A novel series of renin inhibitors based on the Phe8-His9-Leu10-Val11 substructure of renin's natural substrate, angiotensinogen, is reported. These inhibitors retain the Phe8-His9 portion of the native substructure and employ novel phosphostatine Leu10-Val11 replacements (LVRs). The phosphostatine LVRs were prepared by condensing a dialkyl phosphonate ester stabilized anion with either N-t-Boc-amino aldehydes or N-tritylamino aldehydes (derived from the corresponding amino acid).
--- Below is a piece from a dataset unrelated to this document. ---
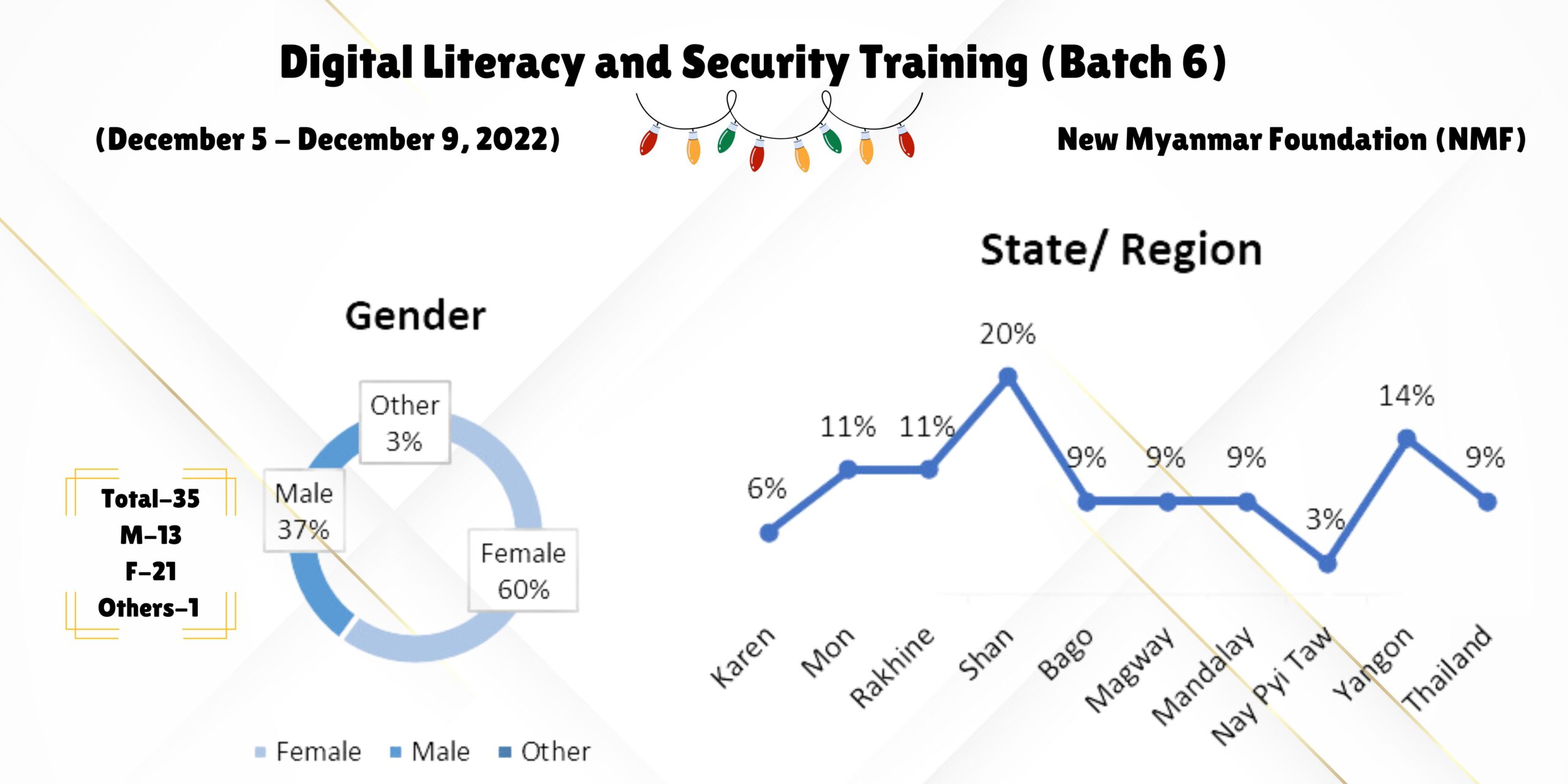 The New Myanmar Foundation (NMF), with the support of Canada Embassy, conducted a five-day online Digital Literacy and Security Training (Batch 6) from December 5 to December 9, 2022, with 40 participants (13 males, 21 females, and 1 LGBT). This training aimed to empower advocates for democracy and human rights in Myanmar by enhancing their digital literacy and security skills. Through an interactive approach including pre-and post-tests, PowerPoint presentations, and participatory planning handouts, participants actively engaged in learning about operating systems, cyber security, internet functionality, VPNs, email services, Google applications, encrypted messaging apps, social media security, and website building.

Structure-activity relationships at the Leu10 side chain revealed that the LVR derived from L-cyclohexylalanine provided a 130-fold boost in potency over the LVR derived from L-leucine. The dialkyl ester moiety was varied and a loss in potency was incurred when the alkyl ester was chain extended or α-branced; dimethyl esters provided optimum potency. The phosphonate moiety was replaced by a half-acid half-ester phosphonate and dimethylphosphinate; both replacements lead to a loss in potency. The more potent inhibitors (IC50 = 20-50 nM) were found to be selective inhibitors for renin over porcine pepsin and bovine cathepsin D (little or no inhibition was observed at 10-5 M).